Extracted records
* * * * * * *

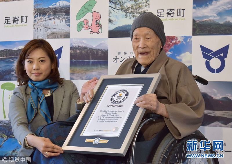 4月10日,日本足寄,日本男子Masazo Nonaka以112岁259天的年龄,获得吉尼斯认证的世界目前在世年龄最长的男性。 (图片来源:视觉中国)
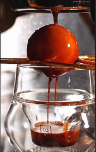 3. Tarik shot espressomu seperti biasa. Biarkan sekitar 40-50% pertama ekstrak mengalir melewati bola beku, lalu singkirkan bolanya.
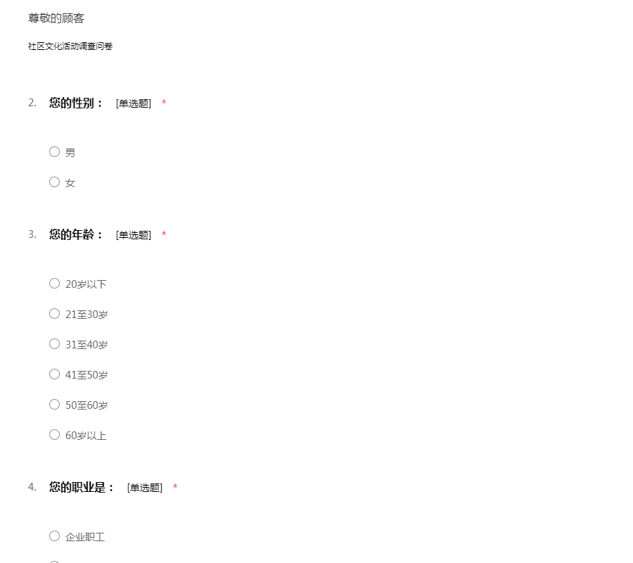 社区文化活动调查问卷
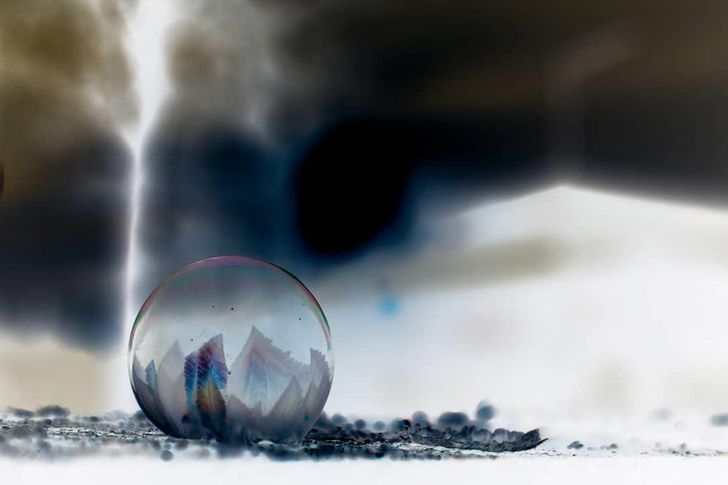 Egy szappanbuborék idegen bolygóra hasonlít, ha makroobjektíven keresztül nézed
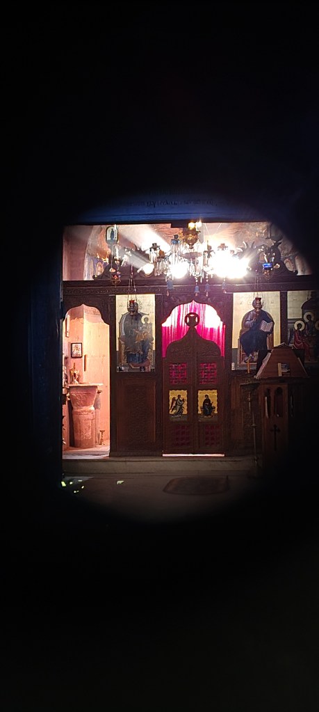 La vista es increíble, ha merecido la pena el esfuerzo. Además de la cueva donde estuvo Moisés, hay una pequeña mezquita y una pequeña iglesia (que podemos ver desde el ojo de la cerradura.
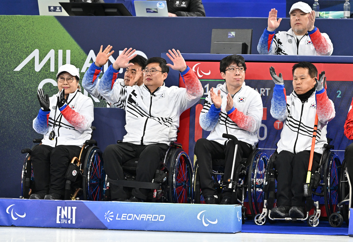 컬링 방민자, 이현출, 남봉광, 양희태(왼쪽부터)가 12일(현지시간) 이탈리아 코르티나담페초 컬링 올림픽 스타디움에서 열린 2026 밀라노 코르티나 패럴림픽 휠체어컬링 혼성 4인조 캐나다와의 예선전에 앞서 관중들에게 인사를 하고 있다. 코르티나(이탈리아)=김두홍 기자 kimdh@sportsworldi.com 2026.03.12.
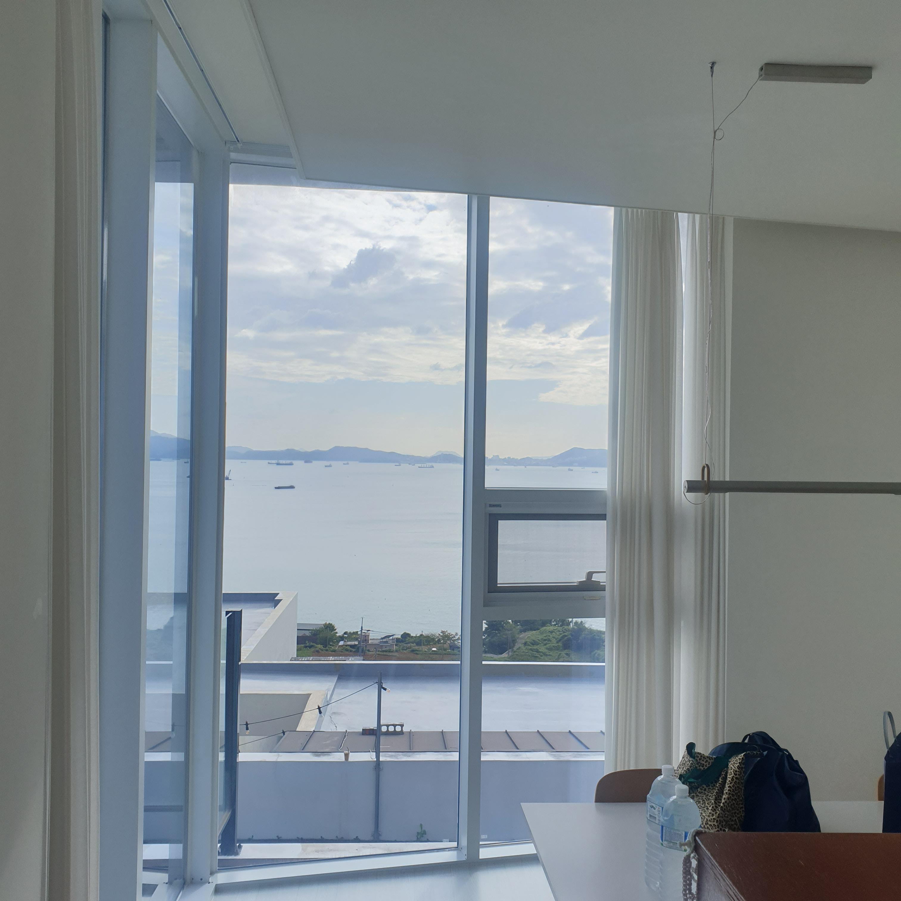 문을 열고 들어선 순간 감탄사가 절로 나옵니다. 아담한 거실에서 바라본 확 트인 바다와 이쁜 하늘.
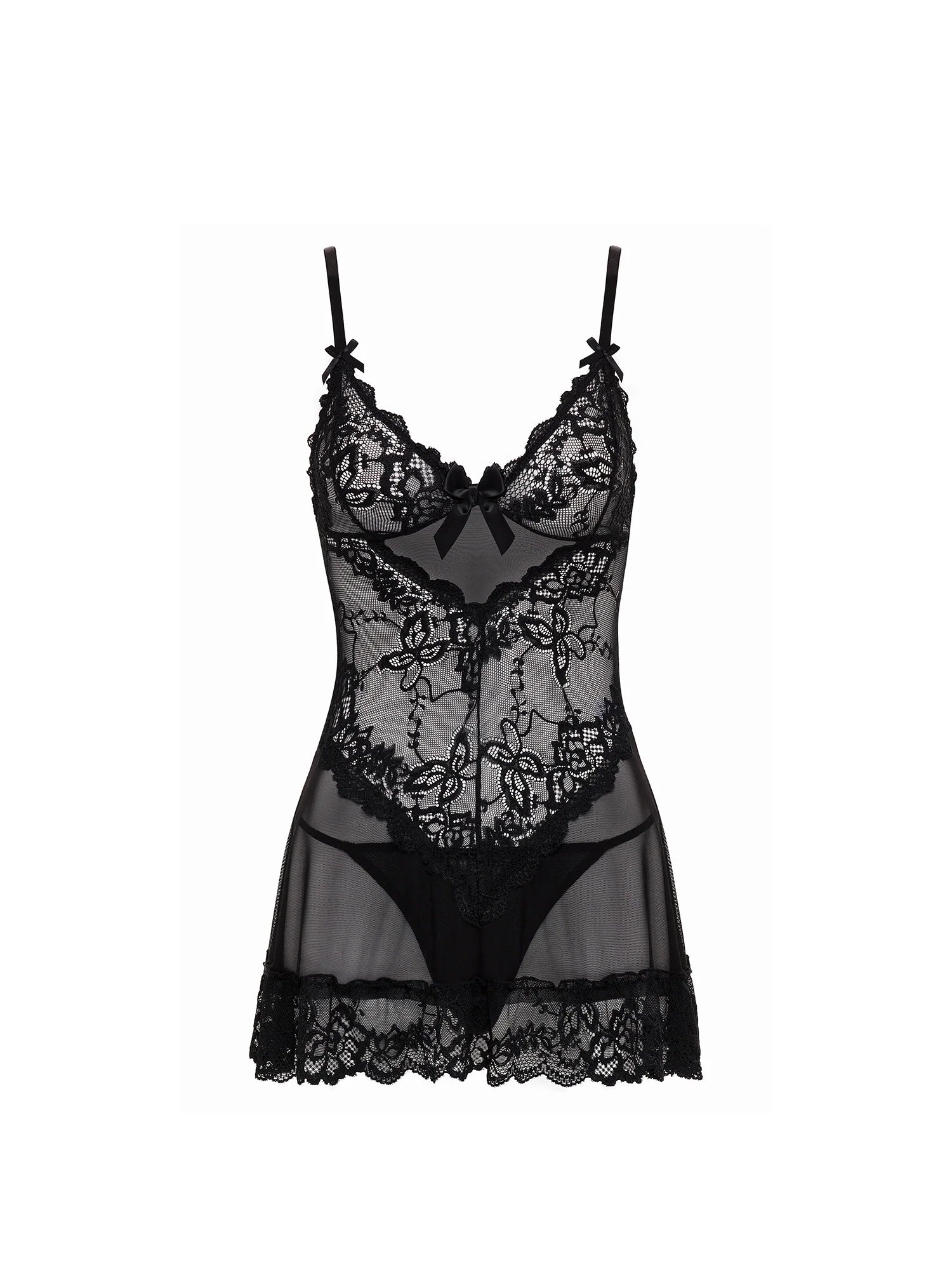 - Sheer mesh body with lace inserts and ruffled lace hem
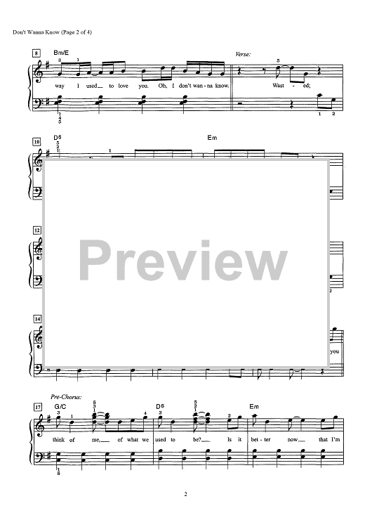 "Don't Wanna Know" Sheet Music by Maroon 5
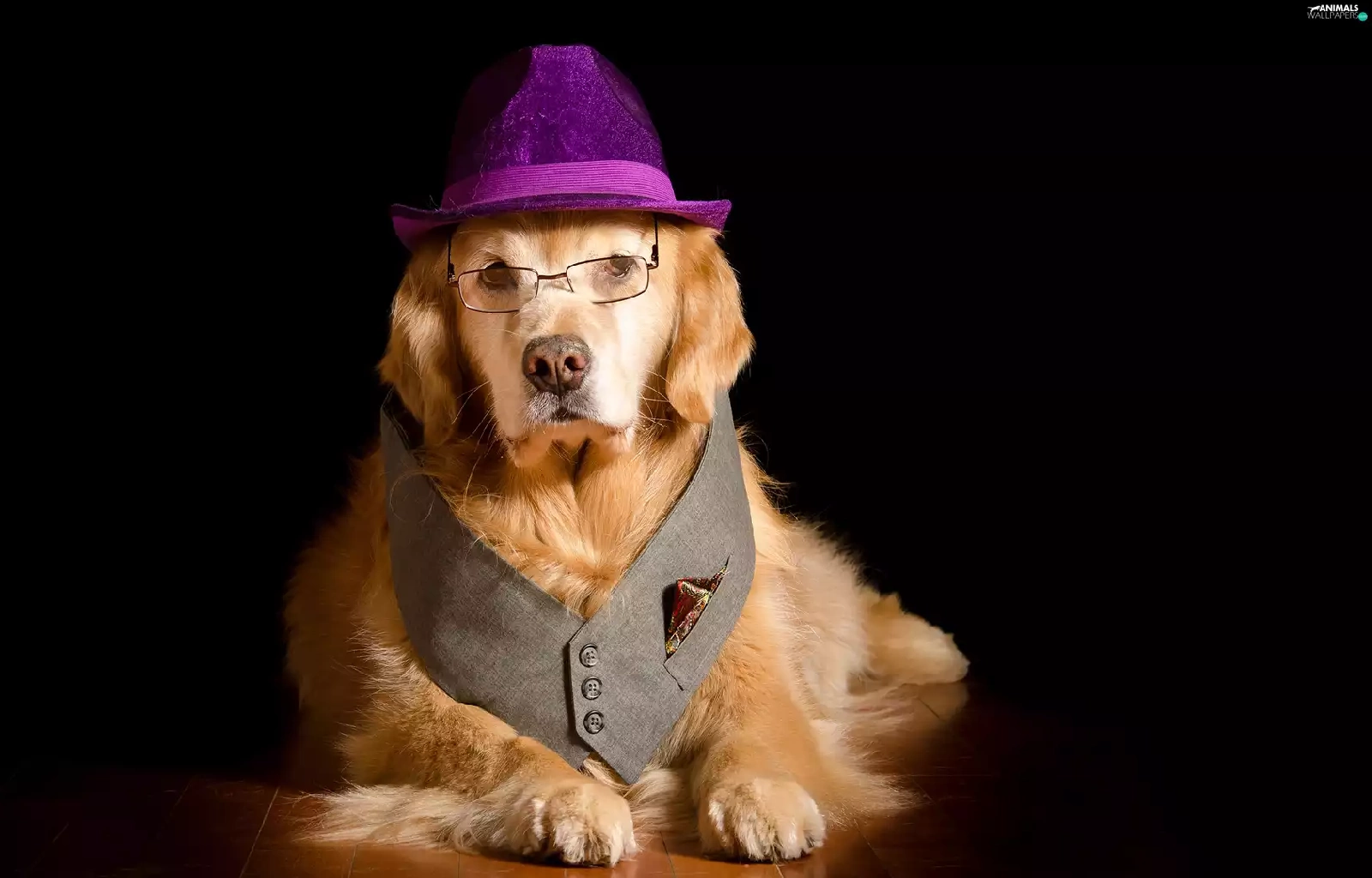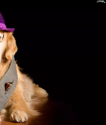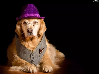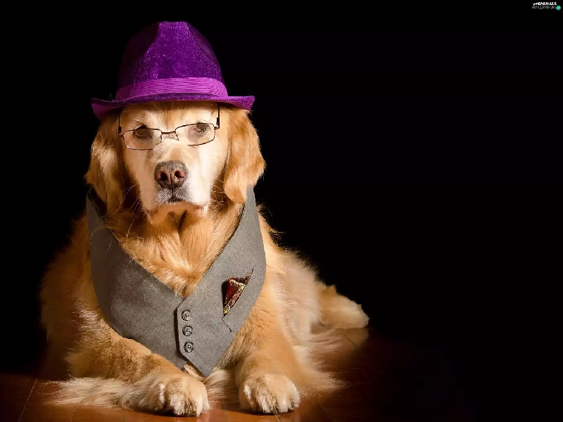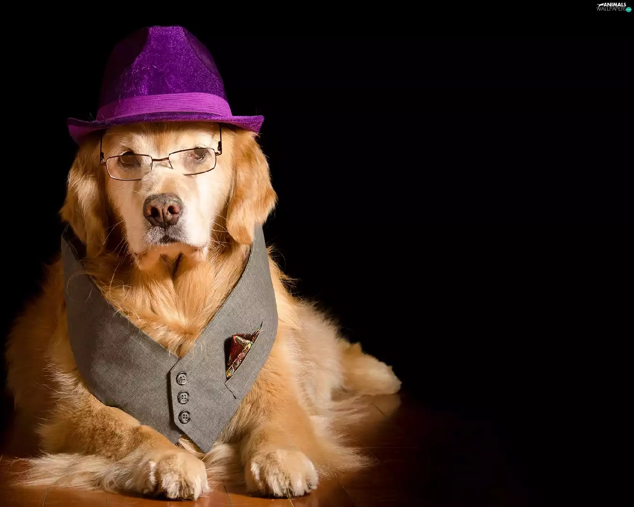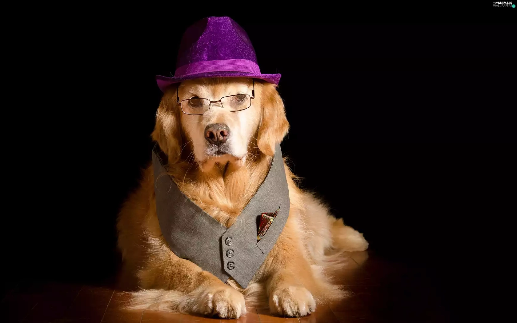 Glasses, waistcoat, Golden Retriever, Hat, dog
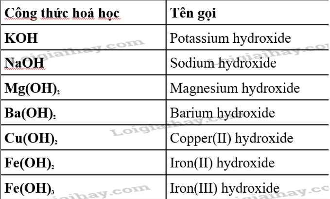 4. Tên gọi base = tên Kim loại (kèm hoá trị nếu kim loại có nhiều hoá trị) + hydroxide
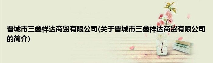 本文关于晋城市三鑫祥达商贸有限公司的简介就讲解完毕,希望对大家有所帮助。

* * * * * * *

### TRY IT
Please hand back every entry above exactly, with no images in the copy.

### EXERCISE ANSWER
 4月10日,日本足寄,日本男子Masazo Nonaka以112岁259天的年龄,获得吉尼斯认证的世界目前在世年龄最长的男性。 (图片来源:视觉中国)
 3. Tarik shot espressomu seperti biasa. Biarkan sekitar 40-50% pertama ekstrak mengalir melewati bola beku, lalu singkirkan bolanya.
 社区文化活动调查问卷
 Egy szappanbuborék idegen bolygóra hasonlít, ha makroobjektíven keresztül nézed
 La vista es increíble, ha merecido la pena el esfuerzo. Además de la cueva donde estuvo Moisés, hay una pequeña mezquita y una pequeña iglesia (que podemos ver desde el ojo de la cerradura.
 컬링 방민자, 이현출, 남봉광, 양희태(왼쪽부터)가 12일(현지시간) 이탈리아 코르티나담페초 컬링 올림픽 스타디움에서 열린 2026 밀라노 코르티나 패럴림픽 휠체어컬링 혼성 4인조 캐나다와의 예선전에 앞서 관중들에게 인사를 하고 있다. 코르티나(이탈리아)=김두홍 기자 kimdh@sportsworldi.com 2026.03.12.
 문을 열고 들어선 순간 감탄사가 절로 나옵니다. 아담한 거실에서 바라본 확 트인 바다와 이쁜 하늘.
 - Sheer mesh body with lace inserts and ruffled lace hem
 "Don't Wanna Know" Sheet Music by Maroon 5
 Glasses, waistcoat, Golden Retriever, Hat, dog
 4. Tên gọi base = tên Kim loại (kèm hoá trị nếu kim loại có nhiều hoá trị) + hydroxide
 本文关于晋城市三鑫祥达商贸有限公司的简介就讲解完毕,希望对大家有所帮助。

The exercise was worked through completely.